Подготовка изданий Китса сопряжена с немалыми трудностями, обусловленными отсутствием канонических редакций большинства произведений Китса. Автографы Китса, который в основном полагался на компетентность своих издателей, дают, по словам одного из текстологов, "меньшее представление об авторских намерениях, нежели списки, сделанные близкими к поэту людьми" (Stillinger Jack. The Texts of Keats's Poems. Harvard Univ. Press, 1974, p. 83). К наиболее авторитетным, тщательно подготовленным, дающим обширный свод вариантов и разночтений, снабженным обстоятельными комментариями как текстологического, так и историко-литературного характера, собраниями стихов и писем Китса из числа появившихся в последнее время следует отнести издания: The Poems of John Keats / Ed, by Miriam Allott. London, 1970 (3rd ed. – 1975); Keats John. The Compl. Poems / Ed, by John Barnard. Harmondsworth, 1973 (2nd ed. – 1976); Keats John. The Compl.
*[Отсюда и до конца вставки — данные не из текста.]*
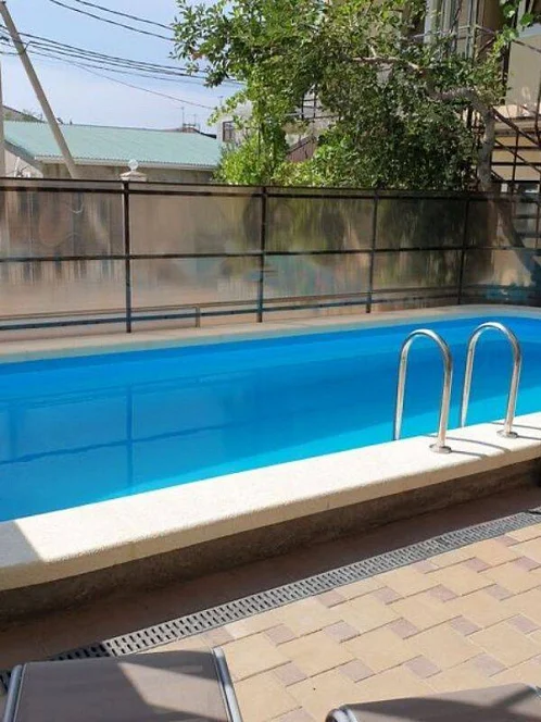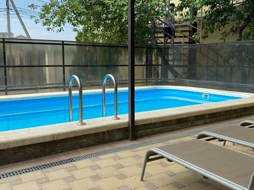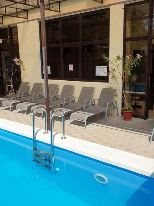 Здесь организована барбекю-зона, оборудованы места отдыха, есть детская игровая площадка, а также открытый подогреваемый бассейн с шезлонгами, в котором особенно приятно освежиться после моря или расслабиться вечером.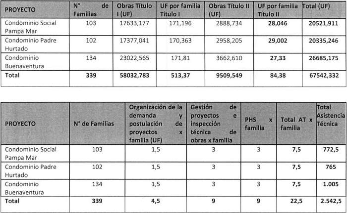b) El oficio N° 1032/2021, de Serviu Tarapacá, que informa los proyectos aprobados en el proceso de Postulación del llamado con Selección Regional destinado a la Atención de Condominios de Viviendas Sociales emplazados en Suelo de Condición Salina, con un total de 339 Unidades aprobadas, según consta en Acta de aprobación de proyectos, fecha 9 de julio de 2021.

Poems / Ed by Jack Stillinger. Harvard Univ. Press, 1973 (2nd ed. 1982); The Letters of John Keats. 1814-1821 / Ed. by Hyder Edward Rollins. Vol. 1-2. Harvard Univ. Press, 1958.

Именно эти издания послужили основой для подготовки настоящего тома. Кроме того, при составлении примечаний были использованы, в частности, следующие источники: The Keats Circle: Letters and Papers 1816-1879 / Ed. by Hyder Edward Rollins. Vol. 1-2. Harvard Univ. Press, 1965; Bate Walter Jackson. John Keats. Harvard Univ. Press, 1963; Geppert Eunice Clair. A Handbook to Keats' Poetry. The Univ. of Texas, 1957.

Прижизненные сборники Китса объединили далеко не все созданные им произведения (всего их насчитывается свыше 150). "Дополнения" к основному корпусу настоящего издания включают в себя расположенные в хронологическом порядке наиболее значительные стихи Китса, оставшиеся за пределами сборников – среди них фрагмент поэмы "Падение Гипериона", баллада "La Belle Dame sans Merci", ряд сонетов, многие из которых принадлежат к признанным шедеврам поэта. Стремлением продемонстрировать различные грани богатой поэтической индивидуальности Китса было продиктовано и включение в книгу большой подборки писем – важной части его литературного наследия, представляющих собой на редкость живой и яркий образец романтической прозы, часто неотделимой от собственно поэтического творчества: многие письма перемежаются с только что созданными стихами и служат бесценным комментарием к ним. За пределами тома оставлены произведения, не принадлежащие к лучшим достижениям Китса: поэма "Эндимион" (за исключением трех хрестоматийно известных отрывков, помещенных в "Дополнениях"), незаконченная шуточная поэма "Колпак с бубенцами", драма в стихах "Оттон Великий", фрагмент трагедии "Король Стефан" и около двадцати стихотворений разных лет – либо не представляющих серьезного художественного интереса, либо приписываемых Китсу без достаточных на то оснований (по объему, однако, перечисленное выше составляет приблизительно половину всего стихотворного наследия поэта). Таким образом, предлагаемое издание впервые представляет русскому читателю творчество Китса в столь широком охвате и является наиболее полным собранием стихотворений, поэм и писем Китса из существовавших до сих пор на русском языке. Поэмы Китса "Ламия", "Гиперион", фрагмент "Канун святого Марка", тридцать стихотворений и большинство писем публикуются на русском языке впервые.